Из-за арки вышел Ирод Антипа. Он сосредоточенно рассматривал меня — сначала лицо, потом обнаженные плечи, затем его взгляд скользнул по краю полотенца, которое едва прикрывало бедра. Я сглотнула, пытаясь подавить страх и отвращение.
Фазелис даже не подумала прикрыться.
— Иногда он наблюдает за тем, как я купаюсь, — объяснила она мне. — Нужно было предупредить тебя.
Похотливый старикашка. Видел ли он меня, когда я, голая, выходила из бассейна в каплях воды?
На лице тетрарха промелькнула тень узнавания.
— Ты дочь Матфея, которая обручилась с Нафанаилом бен-Хананией.

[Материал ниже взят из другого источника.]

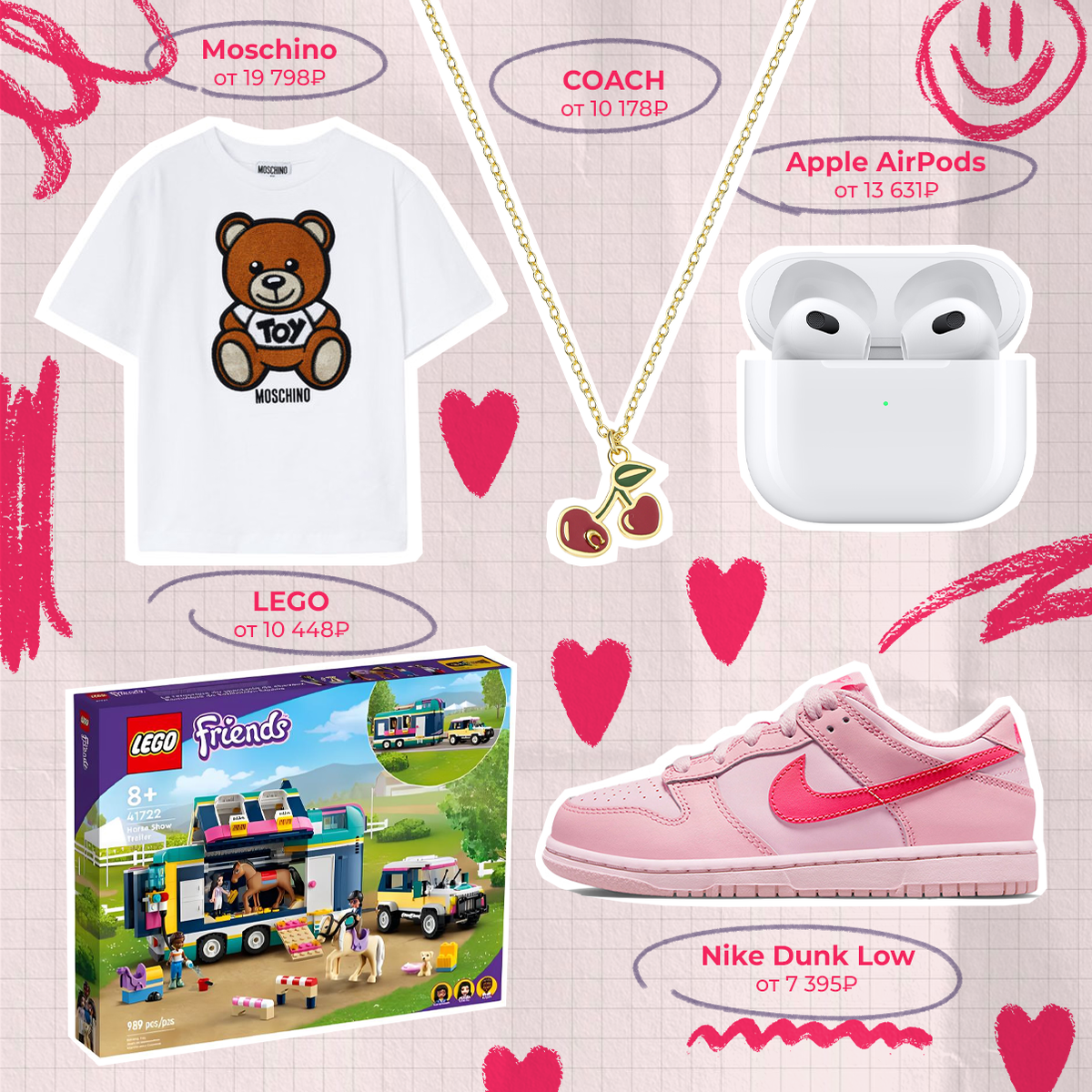 Или для любой юной мадам, которую хочется порадовать на 8 марта. Баловать же нужно с детства, да? Nike Dunk Low, цена от 7 395₽* LEGO, цена от 10 448₽* COACH, цена от 10 178₽* Moschino, цена от 19 798₽* Apple AirPods, цена от 13 631₽* *стоимость может изменяться в зависимости от курса и размера Больше интересного на нашем сайте POIZON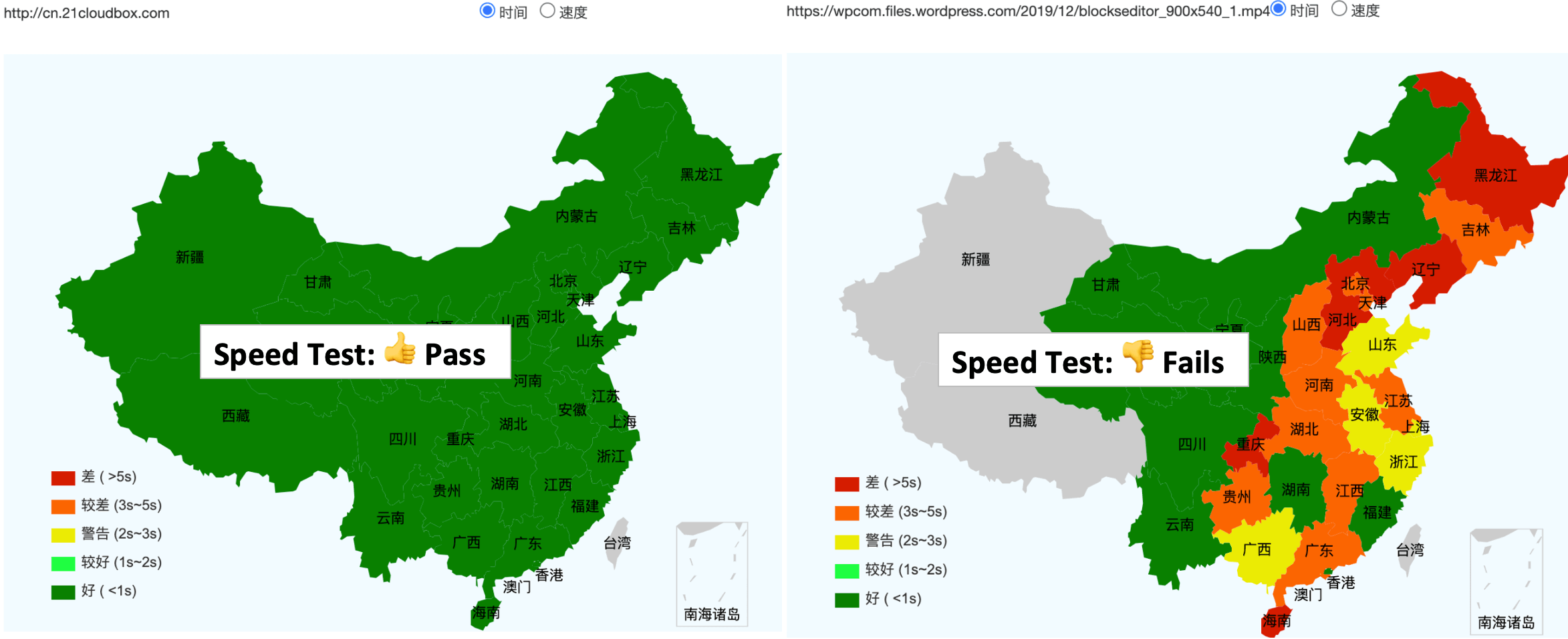 The test on the left is considered a Pass, whereas the right is considered a failure because it is either slow or inaccessible across much of China.

Без одежды я не сразу вспомнил тебя. — Он шагнул ко мне. — Посмотри на это лицо, — заговорил он, обращаясь к Фазелис, словно я была изваянием, предназначенным для созерцания и обсуждения.
— Оставь ее, — бросила Фазелис.
— Само совершенство: большие, широко посаженные глаза, высокие скулы, пухлые щеки. А рот… никогда не видел ничего красивее. — Он подошел ближе и большим пальцем обвел мою нижнюю губу.
Я свирепо уставилась на него. «Чтоб ты охромел, ослеп, оглох, онемел и лишился мужской силы».
Палец скользнул по щеке, пополз вниз к шее. А если я сбегу, что тогда? Пошлет ли он за мной солдат? И решится ли на что-нибудь похуже простого поглаживания по лицу? Я замерла: если вытерплю, возможно, он от меня отстанет.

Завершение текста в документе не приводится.